- _Exercise description_:
Lift out, unaltered, the lines of the material below between the line holding "一等席を陣取っている「AF-ON」(親指" and the line holding "HiLook DVR-204Q-M1 adalah", counting both.

- _Given data_:

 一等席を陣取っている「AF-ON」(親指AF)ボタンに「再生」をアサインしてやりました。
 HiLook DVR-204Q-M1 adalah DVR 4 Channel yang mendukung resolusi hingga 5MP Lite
* * *
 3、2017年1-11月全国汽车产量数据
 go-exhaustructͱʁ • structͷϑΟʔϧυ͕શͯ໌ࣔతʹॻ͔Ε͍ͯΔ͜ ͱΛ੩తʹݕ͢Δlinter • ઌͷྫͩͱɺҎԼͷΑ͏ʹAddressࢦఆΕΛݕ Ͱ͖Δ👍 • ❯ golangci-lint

- _Expected answer_:
 一等席を陣取っている「AF-ON」(親指AF)ボタンに「再生」をアサインしてやりました。
 HiLook DVR-204Q-M1 adalah DVR 4 Channel yang mendukung resolusi hingga 5MP Lite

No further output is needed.